● Task prompt
Copy out the lines of the records below, and only those lines, from the one with "Cette image présente" through the one with "Stylo plume rentrante", exactly as they appear.

● Extracted information
········

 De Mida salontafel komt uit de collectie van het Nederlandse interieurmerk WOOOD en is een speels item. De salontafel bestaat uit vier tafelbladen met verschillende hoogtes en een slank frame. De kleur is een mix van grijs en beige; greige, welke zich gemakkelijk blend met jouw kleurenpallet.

········

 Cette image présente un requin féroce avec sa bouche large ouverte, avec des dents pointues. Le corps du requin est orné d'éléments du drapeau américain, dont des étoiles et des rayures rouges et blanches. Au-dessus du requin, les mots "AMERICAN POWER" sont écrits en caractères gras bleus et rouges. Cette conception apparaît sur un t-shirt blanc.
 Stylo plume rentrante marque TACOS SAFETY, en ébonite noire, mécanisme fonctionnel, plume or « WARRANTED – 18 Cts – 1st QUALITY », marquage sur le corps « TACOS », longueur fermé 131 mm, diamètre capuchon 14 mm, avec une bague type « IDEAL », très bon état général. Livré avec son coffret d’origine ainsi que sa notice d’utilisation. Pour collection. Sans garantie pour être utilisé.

········

● The completed task
 Cette image présente un requin féroce avec sa bouche large ouverte, avec des dents pointues. Le corps du requin est orné d'éléments du drapeau américain, dont des étoiles et des rayures rouges et blanches. Au-dessus du requin, les mots "AMERICAN POWER" sont écrits en caractères gras bleus et rouges. Cette conception apparaît sur un t-shirt blanc.
 Stylo plume rentrante marque TACOS SAFETY, en ébonite noire, mécanisme fonctionnel, plume or « WARRANTED – 18 Cts – 1st QUALITY », marquage sur le corps « TACOS », longueur fermé 131 mm, diamètre capuchon 14 mm, avec une bague type « IDEAL », très bon état général. Livré avec son coffret d’origine ainsi que sa notice d’utilisation. Pour collection. Sans garantie pour être utilisé.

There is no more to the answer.